McLuhan’s central suggestion is that all human experience may be studied as situated within a “unified field” of different patterns of “homeostasis of the perceptual factors” — aka different patterns of “relative interplay of the optical and the auditory modes” as modulated by touch. These patterns, in turn, may be characterized as different forms of “distribution of emphasis [or stress] among the senses“.
Gutenberg Galaxy 63
The increase of visual stress among the Greeks alienated them from the primitive art that the electronic age now reinvents after interiorizing the unified field of electric all-at-oneness.
Gutenberg Galaxy 71
“For religious man, space is not homogeneous; he experiences interruptions, breaks in it”
(Eliade). Likewise in time. For the modern physicist, (…) space is not homogeneous, nor is time. By contrast, the geometrical space invented in antiquity, far from being diverse, unique, pluralistic, sacral, “can be cut and delimited in any direction; but no qualitative differentiation and, hence, no orientation are given by virtue of its inherent structure.” (Eliade) The next statement applies entirely to the relative interplay of the optical and the auditory modes in the shaping of human sensibility: “It must be added at once that such a profane existence is never found in the pure state. To whatever degree he may have desacralized the world, the man who has made his choice in favor of a profane life never succeeds in completely doing away with religious behavior.

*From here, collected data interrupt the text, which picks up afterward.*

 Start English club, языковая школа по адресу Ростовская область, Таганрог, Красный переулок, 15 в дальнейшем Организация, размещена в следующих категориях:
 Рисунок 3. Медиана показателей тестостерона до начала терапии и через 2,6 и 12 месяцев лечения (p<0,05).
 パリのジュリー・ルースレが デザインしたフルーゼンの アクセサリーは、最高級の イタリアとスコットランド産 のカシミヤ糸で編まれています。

This will become clearer as we proceed; it will appear that even the most desacralized existence still preserves traces of a religious valorization of the world.” (Eliade)
McLuhan to Chuck Bayley, December 16, 1964 (Gordon 150)

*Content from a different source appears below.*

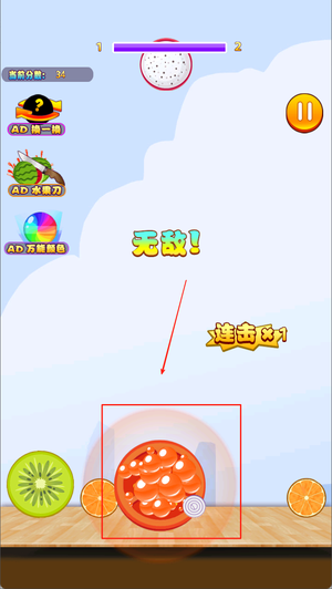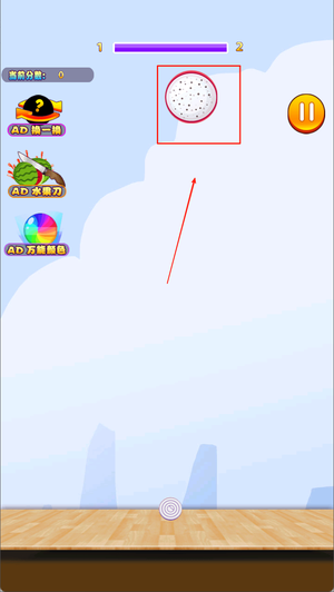 2、滑动屏幕,选取水果掉落的位置。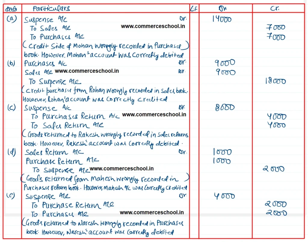 (a) Credit sales to Mohan ₹ 7,000 were recorded in Purchase Book. However, Mohan’s Account was correctly debited.

His [Innis’] great insight was that every situation can be studied structurally by asking the question: ‘What is the primary stress or action that holds this whole structure in place?’ I think he got this approach from Max Weber. Weber had used it for institutions. Innis extended the approach to media. This structural approach tends to dispense with the accidents of ‘content’.
MM to Hans Selye, July 25, 1974 (Gordon 150)
My own approach (…) is a transformation theory, thus homeostasis of the perceptual factors in a rapidly changing environment requires much redistribution of emphasis among the senses. For example, a blind or deaf person compensates for the loss of one sense by a heightening of activity in the others. It seems to me that this also occurs in whole populations when new technologies create new sensory environments.